First, from the Associated Press:

"Rouland contends the 2007 number would have been higher if not for the
emergence of a black market that will pay up to $100,000 to computer
whizzes who find such threats and sell the information to criminal
gangs eager to exploit them."

This quote references the X-force report I mentioned in an earlier post – you know, the one where people are really concerned that vulnerabilities are decreasing.

Second, from a private mailing list:

"I’d bet that most skilled researchers have a number of vulns that they know
of that are just lying around, where they didn’t have the time or inclination
to publish. Maybe they *know* an overflow is exploitable, but haven’t put in
the 20 hours to prove it; maybe they don’t want to deal with the hours/days
of labor it takes to disclose it responsibly; etc. Since we’re on the back of
the envelope – conservatively, I’d say that each skilled researcher would
have a minimum of 5 issues that are just lying around that are not likely
to get published. So, we’re talking hundreds or thousands."

Hmmm, well $500k sure isn’t chump change to me, and I suspect that would be true of many bugfinders. So, we have (potential) sellers with $500k of unrecognized income available to them, and buyers with a plentiful supply of vulnerabilities paying as if they are scarce.

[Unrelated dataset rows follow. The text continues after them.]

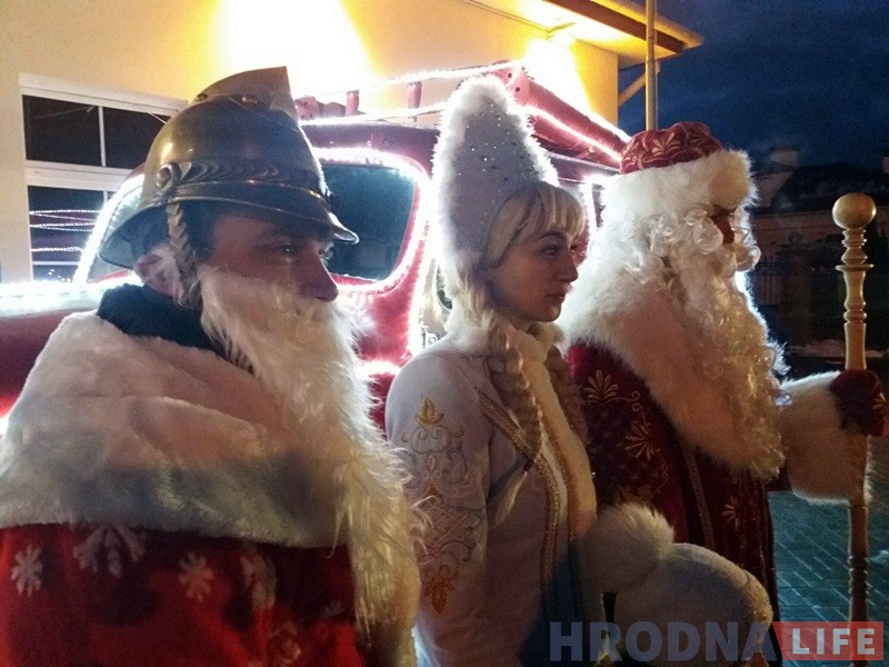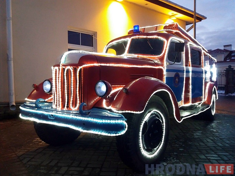 Побач з каланчой запаліліся і навагоднія агні на пажарным рэтра-аўтамабілі.
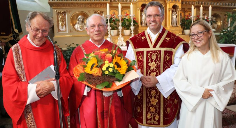 Zusammen mit den Pfarrgemeinden des Pfarrverbands Oberes Priental feierte Pfarrer i.R. Johannes Weindl in der gut besuchten Pfarrkirche Heilig Blut in Umrathshausen sein Goldenes Priesterjubiläum. Die Fahnen der Umrathshauser und Frasdorfer Vereine umstanden den Altar. Am traditionellen Tag der Priesterweihe im Erzbistum München und Freising, am Peter- und Paulstag 1968, wurde Johannes Weindl im hohen Dom zu Freising von Julius Kardinal Döpfner zum Priester geweiht. Nach seinen Kaplansjahren in Markt Indersdorf und Berchtesgaden war er 38 Jahre Pfarrer in Geisenhausen. Hier führte er alle grundlegenden Änderungen des zweiten vatikanischen Konzils durch, begann mit der Berufung von Lektoren und Kommunionhelfern und gründete als Dekan den ersten Pfarrverband. 2012 trat er in den Ruhestand und verließ seine Pfarrei. Seitdem wohnt Pfarrer Weindl in Aschau und hilft in vielfältiger Weise im Pfarrverband Oberes Priental mit.
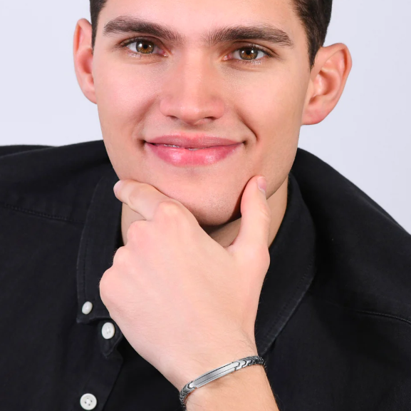 Bracciale Uomo in acciaio con piastra in acciaio. Lunghezza: 21,5 cm. Spessore catena: 6 x 3 mm. Misura piastra: 34 x 6 mm. Il bracciale da uomo in acciaio con una piastra in acciaio è un accessorio dal design essenziale ma versatile. La piastra in acciaio rappresenta la bellezza nella semplicità. Questo tipo di bracciale può essere indossato con una vasta gamma di abiti e stili, aggiungendo un tocco di eleganza senza essere troppo vistoso.
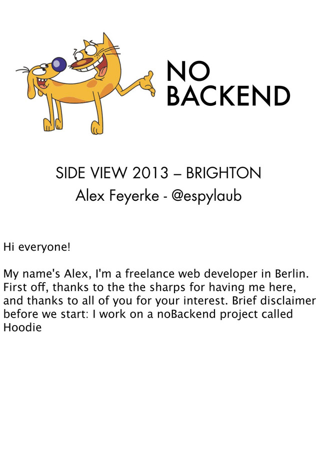 @espylaub Hi everyone! My name's Alex, I'm a freelance web developer in Berlin. First off, thanks to the the sharps for having me here, and thanks to all of you for your interest. Brief disclaimer before we start: I work on a noBackend project called Hoodie
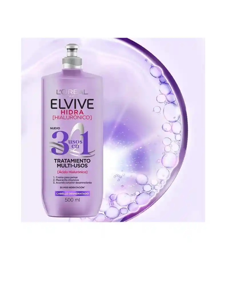Tratamiento Multiusos 3 en 1 Elvive Hidra Hialurónico con Ácido Hialurónico y sin sal para cabello deshidratado. Nuestro Tratamiento es tu aliado para 5X más hidratación sin dejar el cabello pesado, puedes usarlo para Hidratar y estilizar como una crema para peinar Transformar y suavizar como una mascarilla intensiva Aplica sobre el cabello húmedo o seco.
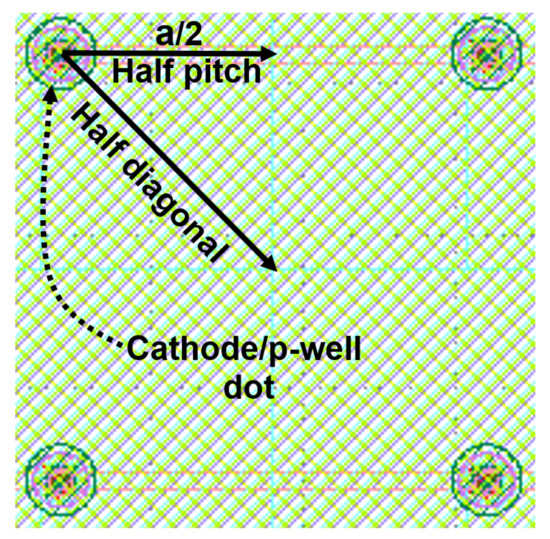 Based on this approach, the active area can be easily enlarged by expanding the cathode dot array. In fact, the active area can be enlarged by increasing the number of cathode dots arrays and also by increasing the distance between the cathode dots (i.e., the array’s pitch size). However, the pitch size of the array is an important parameter that affects the performance. Figure 5 is a zoomed top view of a cathode/p-well dot adjacent to other cathode/p-well dots in the array to visualize a half pitch and a half diagonal from the cathode center. The slowest response is expected if a photon is absorbed exactly in the center between four cathode/p-well dots, because this is where the longest drift distance along the silicon surface appears. This maximum lateral drift distance is , where a is the pitch of the n+/p-well dot array.
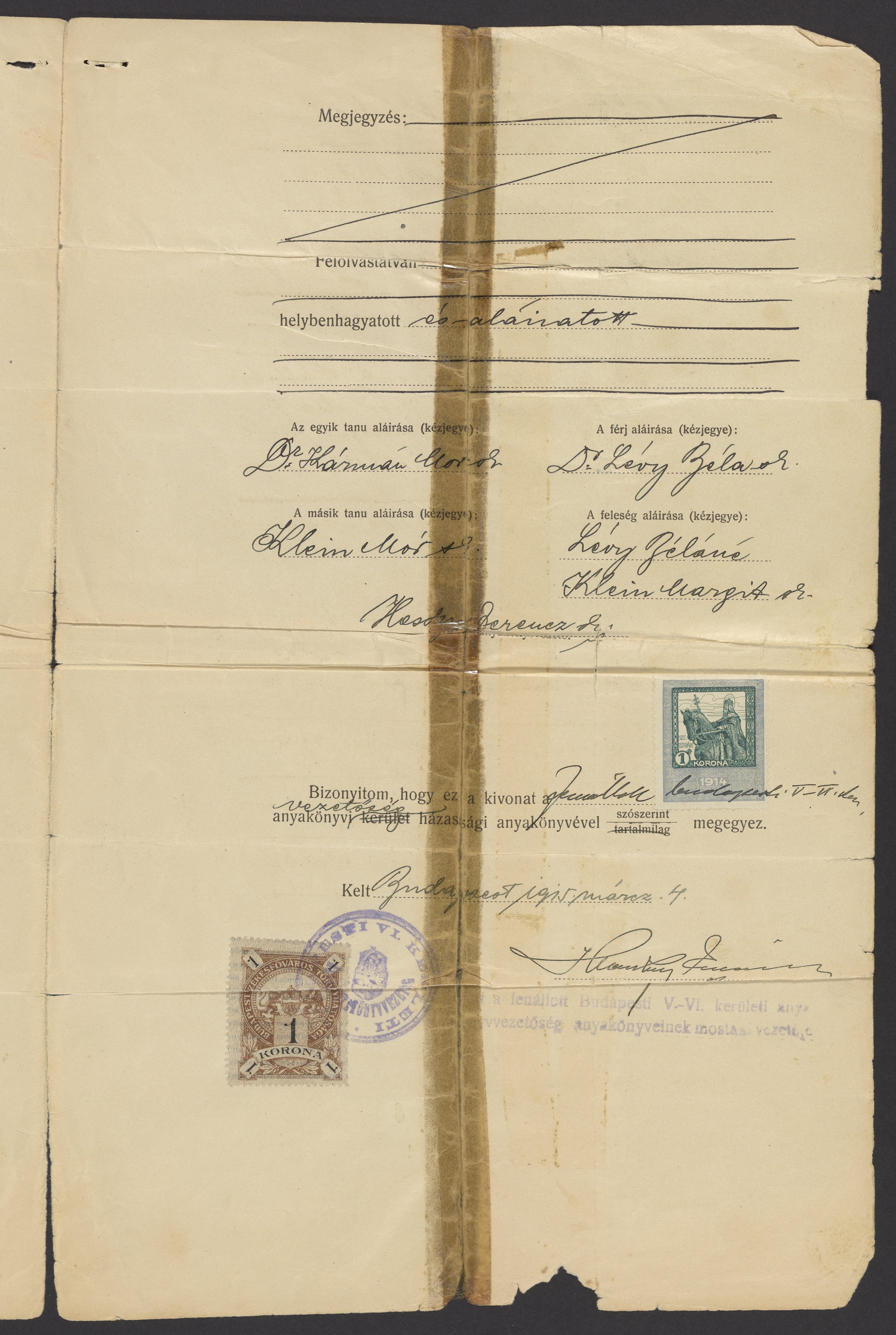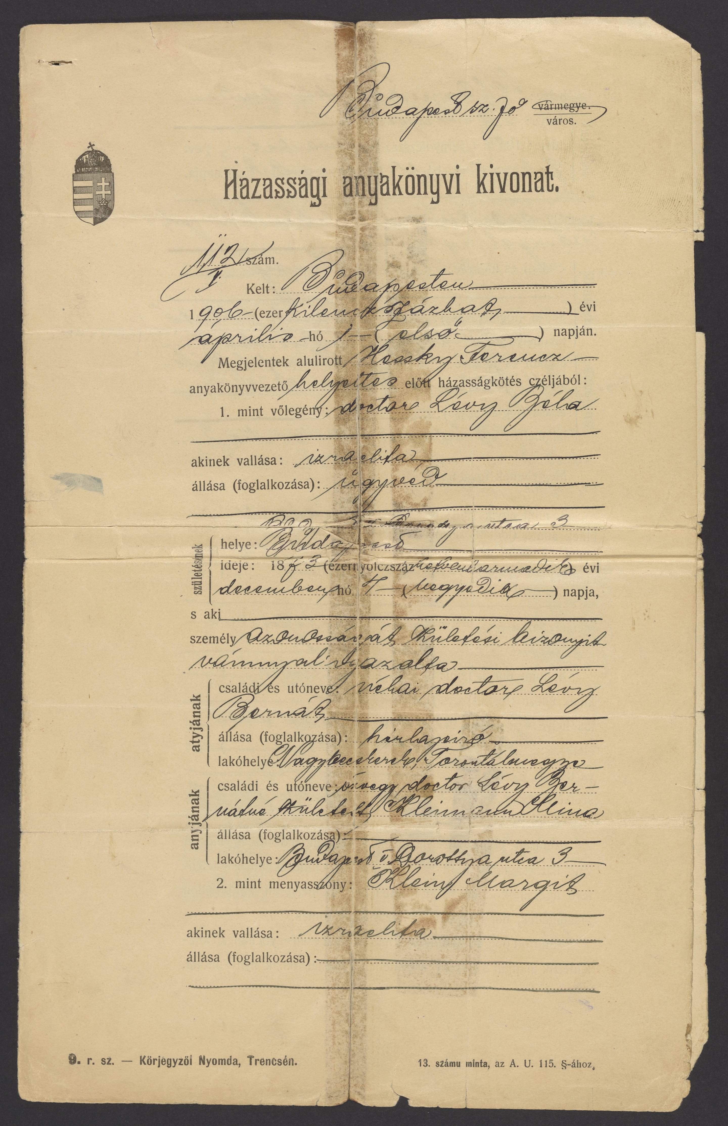 Hungarian marriage certificate of Albert B. Levy and Margit Klein
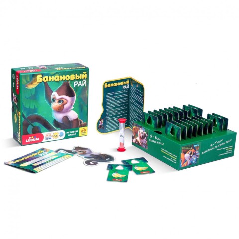 Ігровий набір унікального формату: гра-зачіпка для 2 гравців + розповідь + аудіоказки. Розрахований на дітей 2-5 років. Малюки мають разом з мавпочкою збирати банани, рахувати їх, бути дуже уважним і не схоплювати бананову шкірку. Пісочний годинник допоможе в змаганнях на швидкість.Комплектація: ложемент, двосторонні картки із зображенням бананів (20 шт.), фігурка мавпочки, листівка з розповіддю, пісочний годинник, інструкція, посилання на аудіо-.Розмір коробки: 20 × 20 × 6,8 см.
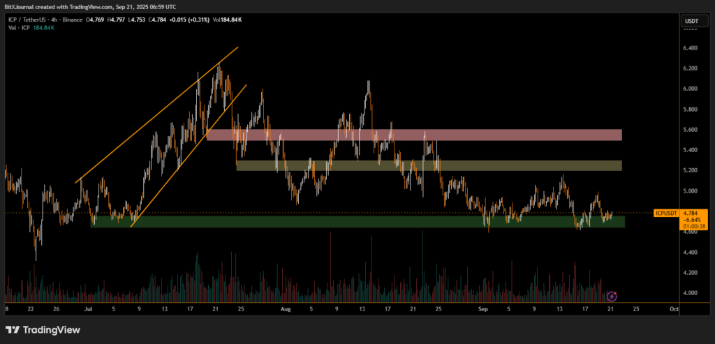 The 4-hour chart shows that ICP has been consolidating within a wide range after peaking above $6.50 in July. The token fell sharply, breaking below its rising wedge pattern, and has since tested the $4.70–$4.80 demand zone multiple times.

I think this variance may be evidence of another thing as well – it is common for people to suggest that one reason to find bugs is that it is just as easy as the bad guys to find them. Keeping aside the fact that this argument is bogus to begin with (rediscovery rates are 7% at best), if these two perspectives really are rational, then it illustrates the disparity in the bad guy’s ability to find vulnerabilities, and is perhaps a credit to every legitimate bugfinder who keeps his vulns secret.

To heck with gaming the numbers, it is great fun to watch people gaming the analysis (me included? feel free to clue me in where I am wrong…).